Reproduce every record exactly as it appears, but not the pictures.

_Dataset items_.
___

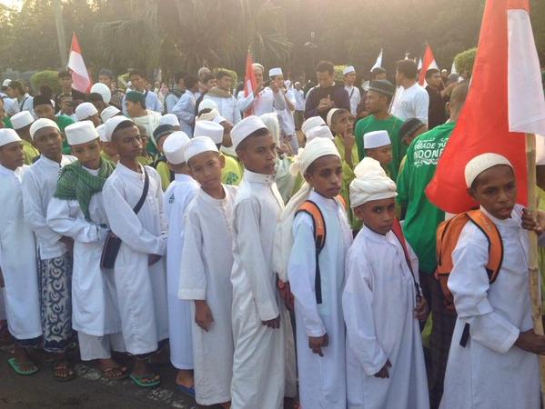 Santri-santri asli Papua ikut semarakkan Parade Tauhid Indonesia di Gelora Bung Karno, Jakarta (Minggu, 16/8). Ribuan umat Islam dari berbagai ormas Islam melakukan parade pagi tadi dari Gelora hingga Bundaran HI. Parade Tauhid ini adalah bagian dari menyemarakkan HUR ke-70 Kemerdekaan RI. Repro
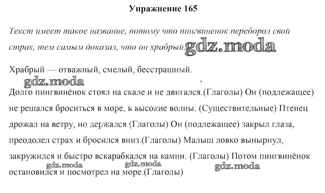 ОТВЕТ на задание № 165 Учебник по Русскому языку 4 класс Антипова
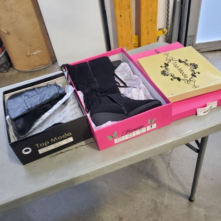2 NEW PAIRS OF BOOTS, SIZE 5.5 AND 7.5
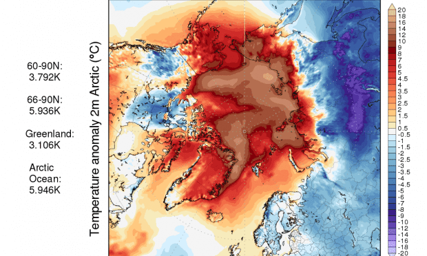 Όλο και συχνότερα, κάνει την εμφάνισή του τα τελευταία έτη, το δίπολο < Καυτή Αρκτική-Κρύα Ευρώπη> . Κατά το φαινόμενο αυτό, οι περιοχές γύρω απο τον Β.Πόλο, παρουσιάζουν μια θεαματική θετική θερμοκρασιακή απόκλιση, της τάξεως των +10 με +20c πάνω απο τα κανονικά για την εποχή επίπεδα. (!)
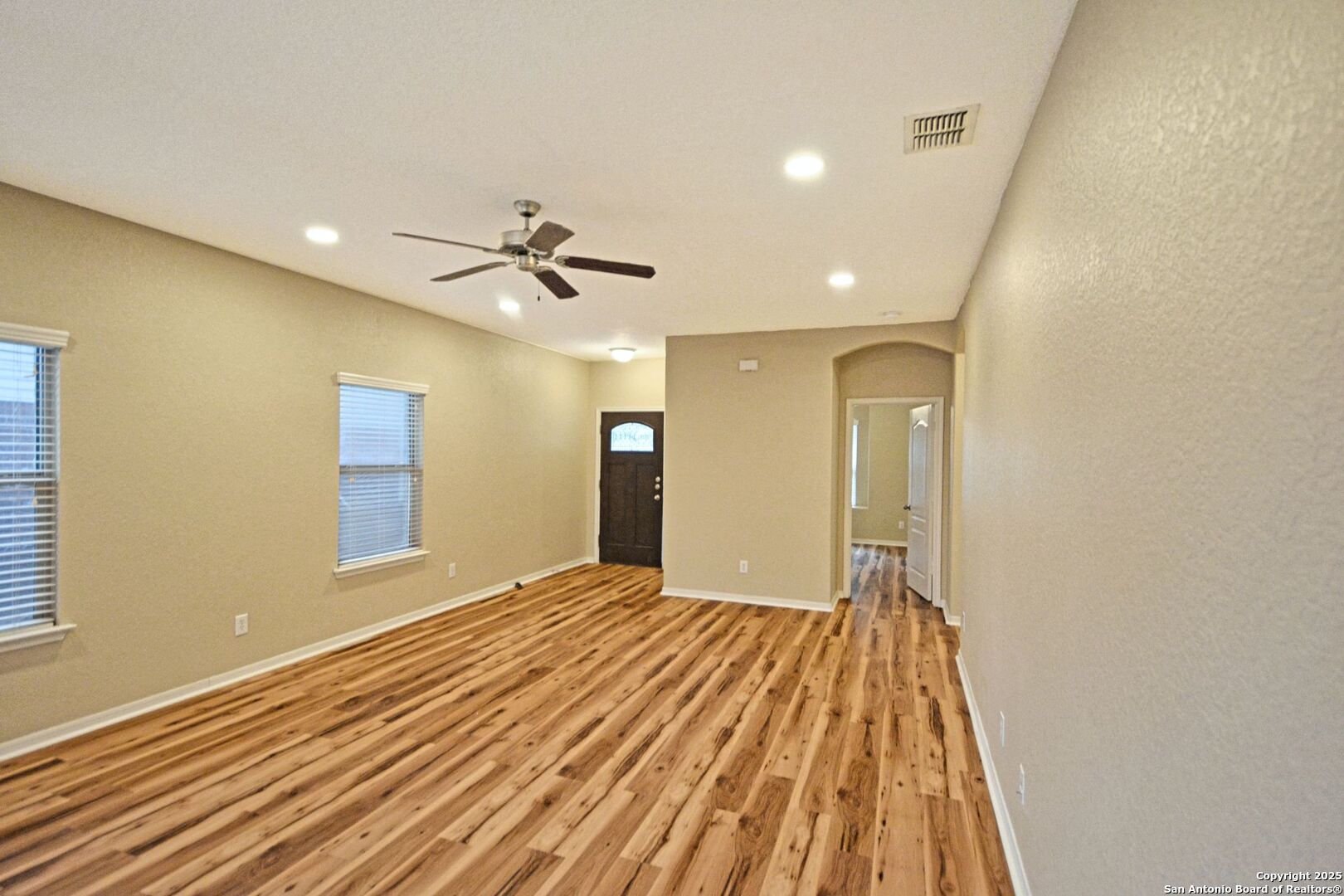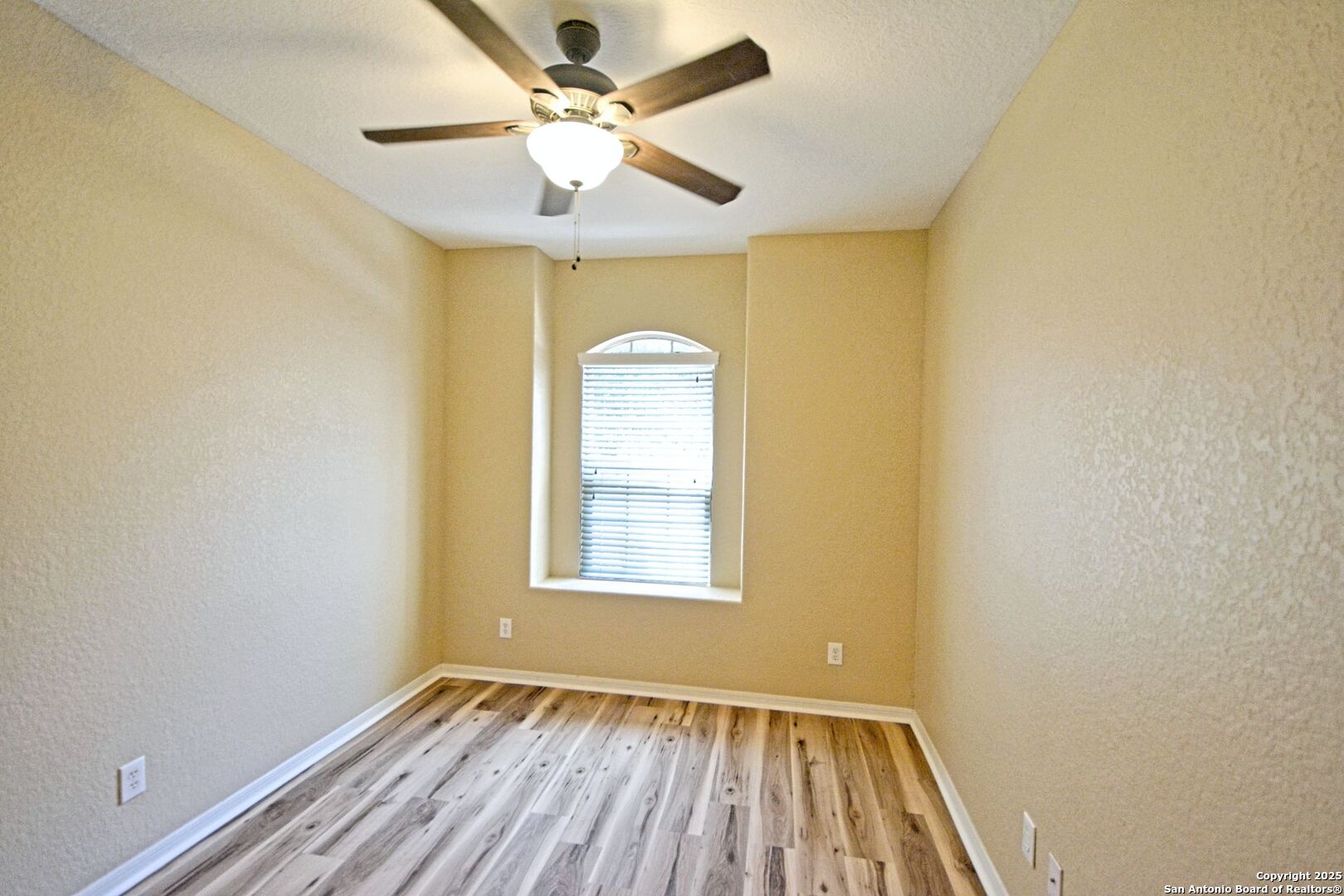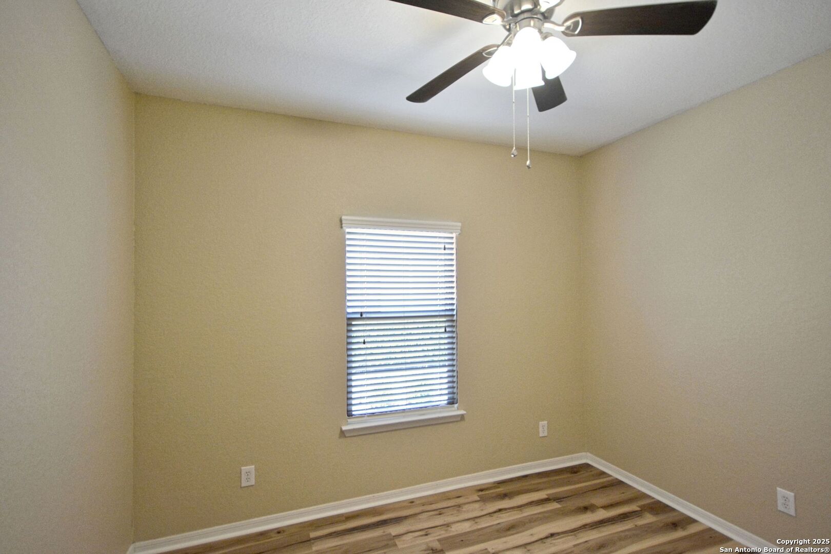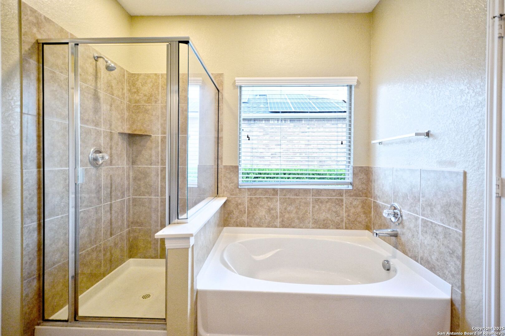 Witness this stylish 3 bed/2 bath stone veneer home with a well shaded front yard that is thoughtfully xeriscaped. Enter into the spacious living room arched entryways and wood-style vinyl flooring that guides you to each room. The island kitchen features dark granite countertops, pantry, and dining area. Check out the primary bedroom with bay windows. Melt your cares away in the primary bathroom suite with garden tub, tiled stand-up shower, and dual sinks. Kick off your shoes and relax underneath the covered porch overlooking the private backyard.
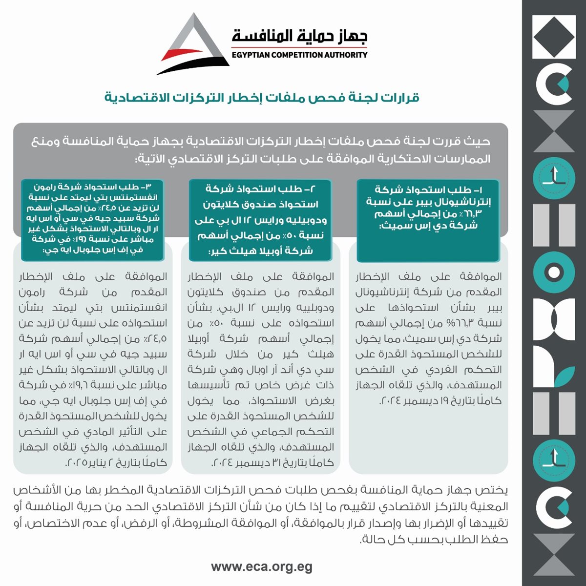 قررت لجنة فحص ملفات إخطار التركزات الاقتصادية بجهاز حماية المنافسة ومنع الممارسات الاحتكارية الموافقة على طلبات التركز الاقتصادي الآتية:

___

_SOLUTION TO THE PROBLEM_.
 Santri-santri asli Papua ikut semarakkan Parade Tauhid Indonesia di Gelora Bung Karno, Jakarta (Minggu, 16/8). Ribuan umat Islam dari berbagai ormas Islam melakukan parade pagi tadi dari Gelora hingga Bundaran HI. Parade Tauhid ini adalah bagian dari menyemarakkan HUR ke-70 Kemerdekaan RI. Repro
 ОТВЕТ на задание № 165 Учебник по Русскому языку 4 класс Антипова
2 NEW PAIRS OF BOOTS, SIZE 5.5 AND 7.5
 Όλο και συχνότερα, κάνει την εμφάνισή του τα τελευταία έτη, το δίπολο < Καυτή Αρκτική-Κρύα Ευρώπη> . Κατά το φαινόμενο αυτό, οι περιοχές γύρω απο τον Β.Πόλο, παρουσιάζουν μια θεαματική θετική θερμοκρασιακή απόκλιση, της τάξεως των +10 με +20c πάνω απο τα κανονικά για την εποχή επίπεδα. (!)
 Witness this stylish 3 bed/2 bath stone veneer home with a well shaded front yard that is thoughtfully xeriscaped. Enter into the spacious living room arched entryways and wood-style vinyl flooring that guides you to each room. The island kitchen features dark granite countertops, pantry, and dining area. Check out the primary bedroom with bay windows. Melt your cares away in the primary bathroom suite with garden tub, tiled stand-up shower, and dual sinks. Kick off your shoes and relax underneath the covered porch overlooking the private backyard.
 قررت لجنة فحص ملفات إخطار التركزات الاقتصادية بجهاز حماية المنافسة ومنع الممارسات الاحتكارية الموافقة على طلبات التركز الاقتصادي الآتية:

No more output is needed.